The attacks were not a random act of violence or insanity. They were a deliberate and brutal act of war committed by religious fanatics engaged in Islamic jihad against the United States, all non-Muslim people and any Muslim who wishes to live in a secular society. Worse, the people who perpetrated the attacks have explicitly told us that they are not done.
Read the whole thing.
Robert Spencer at Jihad Watch:
[T]here has still never been a full and comprehensive discussion of the jihad threat in the American public square.
So seven years after the Towers went down and the Pentagon was wounded, the jihadists have every reason to smell victory — not in Iraq, where they are indeed on the run, but in their efforts to cow and intimidate the West into giving up all resistance to Islamization.

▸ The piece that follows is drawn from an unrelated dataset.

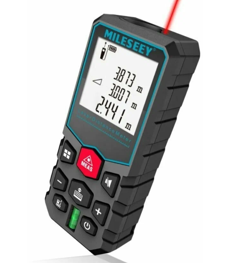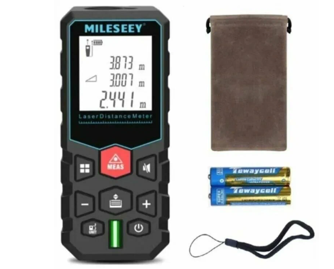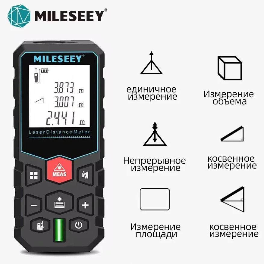 Лазерный дальномер MILESEEY X5 предлагает широкий спектр функций для измерения длины отрезка, площади по двум точкам, объема по трем точкам и высоты по теореме Пифагора по двум и трем точкам.

It’s happening, but no one notices or cares, because it is happening in small steps.
More here: “Islamic terrorism is a myth”
Gateway Pundit asks: Why the relative silence from al-Qaeda on this seventh anniversary of 9/11?
New York-based Pamela Geller at Atlas Shrugs has pictures of this year’s 9/11 observances (and no small amount of accompanying lunacy) at Ground Zero.
(Update 9/14: Pam has video from her Ground Zero visit too: 911 “Truthers”, Bagpipes, and Great Americans)
Lahawk has a roundup of Ground Zero rebuilding news.
Neo-neocon re-posted an apropos piece from 2006, that touches, among other matters, on the foresight we wish we’d had in anticipating and guarding against the attacks:
But the clearest foreshadowing of the event that would henceforth be known only by those numbers, “9/11″—as though words were somehow inadequate to describe it—was its most direct predecessor, the 1993 World Trade Center bombing. That earlier attack distinguished itself in audaciousness by being the only large-scale Islamist totalitarian terrorist attack within the boundaries of the United States prior to 9/11.
And it was every bit as serious in intent. The only reason it wasn’t taken as seriously as it should have been was the seemingly Keystone Cops-like incompetence of its perpetrators. They would learn from their errors, and quickly. It would take us longer to learn what we needed to know.
Rick Moran: 9/11 Still Affects Our Political Life:
If there is one thing we should have learned since 9/11 its that absolutism is deadly. Its stultifying effects on debate precludes any kind of rational response to the serious threat of Islamic terrorism.
…
It is not the trivial things that separate us. It is nothing less than losing trust in the intentions and motivations of the other side. And 9/11 took a nation already split along cultural and ideological lines and added fear to the mix. Now each side sees the other not just as wrongheaded but truly evil, and opposing them becomes a matter of saving the country.
In that small space between three hijacked planes and color-coded terror alerts, between a small field in Pennsylvania and conspiracy theories, there was a brief, lit-up moment when we felt like one. I remember thinking that this tragedy would fix us instead of break us. I want so much to feel again that hope and unity that existed in the days after the attack. There was proof, ever so briefly, that we could come together as a nation to help and comfort each other, when we were all just human beings on common ground instead of left or right, Democrat or Republican.
Never forget, indeed. Never forget that out of the rubble of tragedy arose a moment when we put everything aside to be one whole nation. It is so easy at a time like now to forget that, to draw lines in the sand and become us and them. In so many ways, 9/11 ended up furthering any divisions we had instead of closing them. We chose up sides and backed away from each other as if we were our own enemies — as if the enemies we had, those who steered planes into buildings, weren’t enough.